After the victorious competition, Patrick’s dream of becoming principle dancer for the Company was finally made a reality, allowed him the opportunity to dance alongside legends such as Rudolf Nureyev and Alvin Ailey. He was named Artistic Director of the French ballet in Nancy in 1988. Two years later, Dupond returned to the Paris Opera becoming its Dance Director.

In 2000, Dupond was in a nearly fatal car accident that forced him to relearn the art of dance from scratch. His old mentor, Max Bozzoni, came back to Dupond’s aid, patiently retraining the dancer, and allowing him to continue his resounding career, enchanting audiences with his captivating and communicative dancing.”

Mayerling; a ‘tour de force’ for the male dancer.

This ballet by Kenneth Macmillan (1978) to music by Franz Liszt is directly historical and political. One can watch it as a violent Romantic ballet . But it is a true story of events which led to  Cataclyism. Instability of personality often may affect families, but not usually nations.
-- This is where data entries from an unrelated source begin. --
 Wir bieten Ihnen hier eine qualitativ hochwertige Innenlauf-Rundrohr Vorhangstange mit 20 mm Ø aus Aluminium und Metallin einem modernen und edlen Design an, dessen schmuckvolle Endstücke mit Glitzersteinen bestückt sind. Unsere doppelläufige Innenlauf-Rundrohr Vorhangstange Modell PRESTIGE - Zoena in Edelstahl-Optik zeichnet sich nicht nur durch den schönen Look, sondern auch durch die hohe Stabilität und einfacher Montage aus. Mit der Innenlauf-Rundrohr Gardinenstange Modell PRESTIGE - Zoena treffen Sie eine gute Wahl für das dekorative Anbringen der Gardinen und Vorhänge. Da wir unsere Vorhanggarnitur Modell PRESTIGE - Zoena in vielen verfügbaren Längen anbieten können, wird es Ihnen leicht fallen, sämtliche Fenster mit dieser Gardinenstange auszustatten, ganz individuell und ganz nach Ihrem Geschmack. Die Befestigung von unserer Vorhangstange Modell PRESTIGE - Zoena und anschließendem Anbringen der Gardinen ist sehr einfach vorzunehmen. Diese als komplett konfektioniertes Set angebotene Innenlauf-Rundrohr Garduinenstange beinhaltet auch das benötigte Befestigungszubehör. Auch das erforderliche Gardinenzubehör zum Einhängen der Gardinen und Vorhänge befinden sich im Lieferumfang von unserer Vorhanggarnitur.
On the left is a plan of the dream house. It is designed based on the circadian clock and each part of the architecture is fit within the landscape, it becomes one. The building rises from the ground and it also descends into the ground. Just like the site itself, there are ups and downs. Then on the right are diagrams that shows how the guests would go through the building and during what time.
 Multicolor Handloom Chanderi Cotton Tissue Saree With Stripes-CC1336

 One forgets the dark side of of 19th century Romanticism: its searches for meaning and identity: its swings of extreme emotions:  its black brooding. Not only individuals, but nations were caught up in these swirls. The murder on January 30,1889, of his seventeen year old mistress by Crown Prince Rudolph, and then his suicide at the scene of the murder (if indeed that is what happened), left Franz Joseph, the Habsburg Emperor of the Austro-Hungarian Empire, without an heir to the throne. The throne then passed to his brother, whose son and heir  was Archduke Ferdinand and his wife Sophie. Their assassination in Sarajevo in June 1914 by an Yugoslav nationalist  occasioned the onset of World War I. Even today in Budapest, Sophie is remembered.
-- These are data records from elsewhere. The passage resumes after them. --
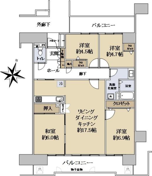 | その他面積 | バルコニー面積:22.96㎡ | 土地権利 | 所有権 | ||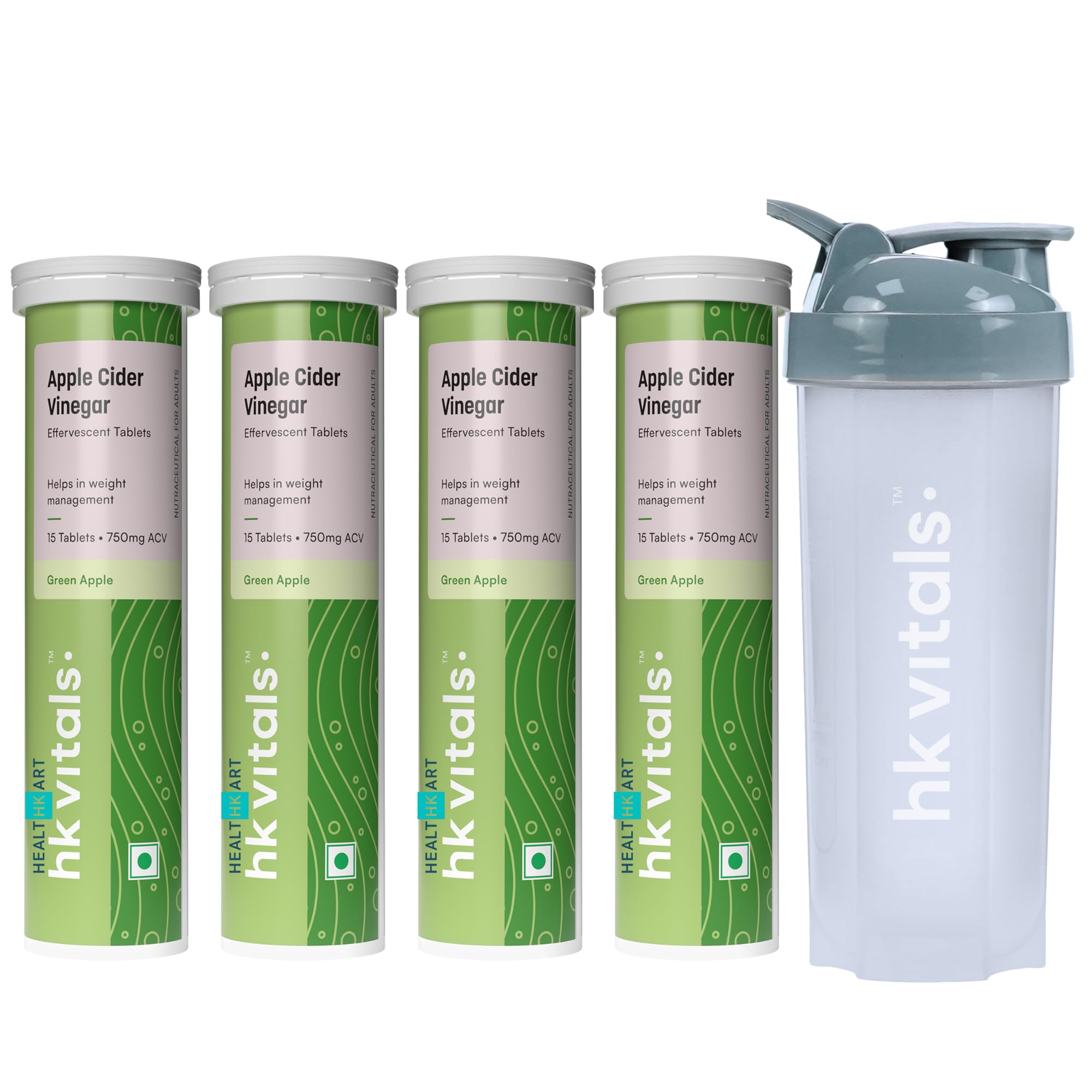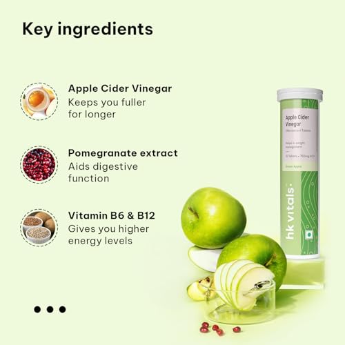 Sparkling health in a tablet- the fizzlicious way to consume apple cider vinegar! HealthKart HK Vitals Apple Cider Vinegar is Indiaâs first 750 mg apple cider vinegar tablet which is effervescent; Available in tasty green apple & watermelon flavours. HK Vitals Apple Cider Vinegar promotes weight management by keeping you full for longer. Apple cider vinegar tablet has natural acidic properties that help balance stomach acids reducing bloating and gas and improving digestion. Apple Cider Vinegar contains acetic acid which increases the activity of enzymes that improve our metabolism so our body burns calories faster. Apple Cider Vinegar is also enriched with Vitamin B6 & B12 to help fat mobilization & energy production while pomegranate extract helps boost immunity. It has no added sugar or preservatives & is 100% vegetarian. Get HealthKart HK Vitals ProteinUp Shaker Bottle of 600 ml capacity for easy mixability with apple cider vinegar effervescent tablets. To minimise messy spills it has a wide-mouth bottle cap that is secured with a tight screw on top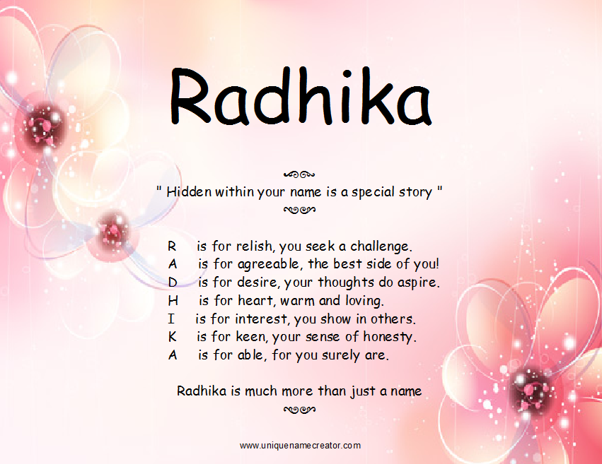 Radhika Name Meaning In English : R as in race (r.ey.s) ; Radhika Name Meaning In English / Radha, lover of lord krishna.

In the ballet, one sees Hungarian nationalists trying to persuade Rudolph of the threat of a looming Germany under the rising Bismarck.

Mayerling Ed Watson cCM

 Edward Watson of the Royal Ballet has described this as his most difficult role to achieve. The violence and the waves of emotions are captured by breathtaking and sustained lifts which sometimes end with a terrifying heave or throw. The pas de deux work seems more in the air than on the ground. The sense of the woman being tossed, abused, caressed and hit is staggering..The sadistic link between love and terror is present. To achieve this requires endurance and strength on the part of the male dancer. If one lift is to have three phases, there will have to be constant shifts in where the weight and hands are placed. It is important that the couple are well matched in size. Preferably the ballerina should be smaller in proportion to the male in order to fly through the air.

It is a ‘tour de force’ for the male dancer, even though attention is often focused on the female dancer in what I would call ‘ an aerial ballet’.